Les rotifères bdelloïdes, petits invertébrés aux incroyables capacités de survie, surprend aujourd'hui par son mode de reproduction. Des chercheurs de Sophia réunis en consortium affirment qu'ils se reproduisent de manière exclusivement asexuée depuis des dizaines de millions d’années.
Dans le cadre d’un consortium international codirigé par le CEA-Genoscope et l’Université de Namur, le génome d’un rotifère bdelloïde, animal microscopique aux capacités de survie et de reproduction surprenantes et controversées, vient d'être séquencé puis analysé.Les résultats de cette étude, à laquelle ont également participé l'Inra, l'UNS et le CNRS à travers l'Institut Sophia Agrobiotech basé à Sophia Antipolis, viennent confirmer les données biologiques et paléontologiques suggérant que les rotifères bdelloïdes se reproduisent de manière exclusivement asexuée depuis des dizaines de millions d’années.
Ce « scandale évolutif », considéré jusqu’à présent avec scepticisme par une partie de la communauté scientifique, est maintenant expliqué : l’analyse de ce génome révèle une structure incompatible avec la reproduction sexuée ainsi que des mécanismes permettant d’éviter les conséquences génétiques néfastes de l’asexualité.
Ces résultats sont publiés sur le site de Nature.
Les bdelloïdes sont présents sur toute la surface du globe depuis quelques dizaines de millions d'années. Au sujet de leur reproduction, la communauté scientifique se divisait. Il semblait que ces petits invertébrés ne comportaient que des femelles, se reproduisant sans passer par la case fécondation (reproduction dite donc asexuée).

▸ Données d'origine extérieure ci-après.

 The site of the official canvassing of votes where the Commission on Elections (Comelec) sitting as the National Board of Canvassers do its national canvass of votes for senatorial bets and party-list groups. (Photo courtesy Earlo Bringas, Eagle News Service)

Chez les chercheurs, il y avait ceux qui étaient persuadés qu'une reproduction exclusivement asexuée était impossible, considérant que des mâles ne devaient pas être bien loin... et ceux enclins à admettre que le sexe n'était pas indispensable pour survivre, mais cela sans preuve !
Pour tous, les rotifères bdelloïdes, qualifiés de « scandale évolutif », étaient devenus une énigme gênante.

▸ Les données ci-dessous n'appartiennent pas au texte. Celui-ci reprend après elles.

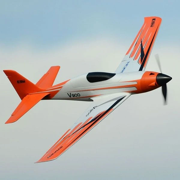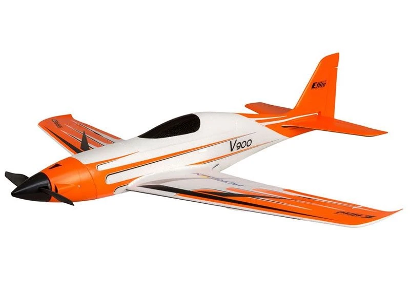 The V900™ high-speed sport airplane is the fastest prop-driven E-flite® airplane yet! Right out of the box it can reach top speeds of 120+ MPH on 4S, and even 100+ MPH on 3S, without the need for upgrades or prop changes. It’s designed to whip heads by flying fast and looking good with slick aerodynamics, composite reinforced EPO construction and a vibrant trim scheme that stands out on the ground and in the air.

La reproduction asexuée est souvent considérée comme une impasse évolutive. En effet, ce mode de reproduction est censé entraîner au fil des générations une accumulation de mutations délétères conduisant de manière inévitable à l’extinction de l’espèce.
L’analyse du génome du rotifère bdelloïde Adineta vaga a permis de prouver qu’il est incapable de reproduction sexuée. En effet, cette dernière implique que les chromosomes homologues, provenant des deux parents, portent des gènes dans le même ordre.
Or les chercheurs ont découvert que les gènes de cet animal existent bien en deux copies mais dans des ordres différents, et parfois même sur un seul et même chromosome : il n’existe donc pas de chromosome homologue comme dans le cas des espèces animales séquencées jusqu’alors.
Une telle organisation ne permet pas la formation de gamètes (cellules sexuelles impliquées dans la reproduction), or sans gamètes, pas de reproduction sexuée.
« En démontrant que le génome de ces organismes est incapable de produire des gamètes, on clôt enfin le débat : les bdelloïdes sont bel et bien asexués », se félicite Jean-François Flot, en charge de l'étude.
Cette étude suggère aussi que les scientifiques peuvent maintenant déterminer si une espèce est sexuée ou non en analysant la structure de son génome.
Si les rotifères bdelloïdes ont été capables de survivre sans reproduction sexuée pendant des millions d’années, il est probable qu’ils ne soient pas les seuls animaux dans cette situation.
Ainsi cette étude remet en cause l’idée communément admise selon laquelle la reproduction sexuée est indispensable aux espèces animales pour se perpétuer. Elle montre également que l’asexualité est aussi une stratégie évolutive viable sur le long terme pour certaines espèces animales.
ADINETA VAGA, LE ROTIFÈRE BDELLOÏDE QUI FAIT SCANDALE
Les rotifères bdelloïdes se trouvent en abondance sur toute la surface du globe (principalement dans les milieux humides).
Après dessèchement complet ou exposition à des doses énormes de radiations, ils sont capables de réparer leur ADN puis de reprendre une activité métabolique normale.
Par ailleurs, les données biologiques et paléontologiques suggèrent qu’ils se reproduisent de manière exclusivement asexuée depuis des dizaines de millions d’années, un « scandale évolutif » allant à l’encontre des idées reçues mais démontré par les auteurs de la présente étude.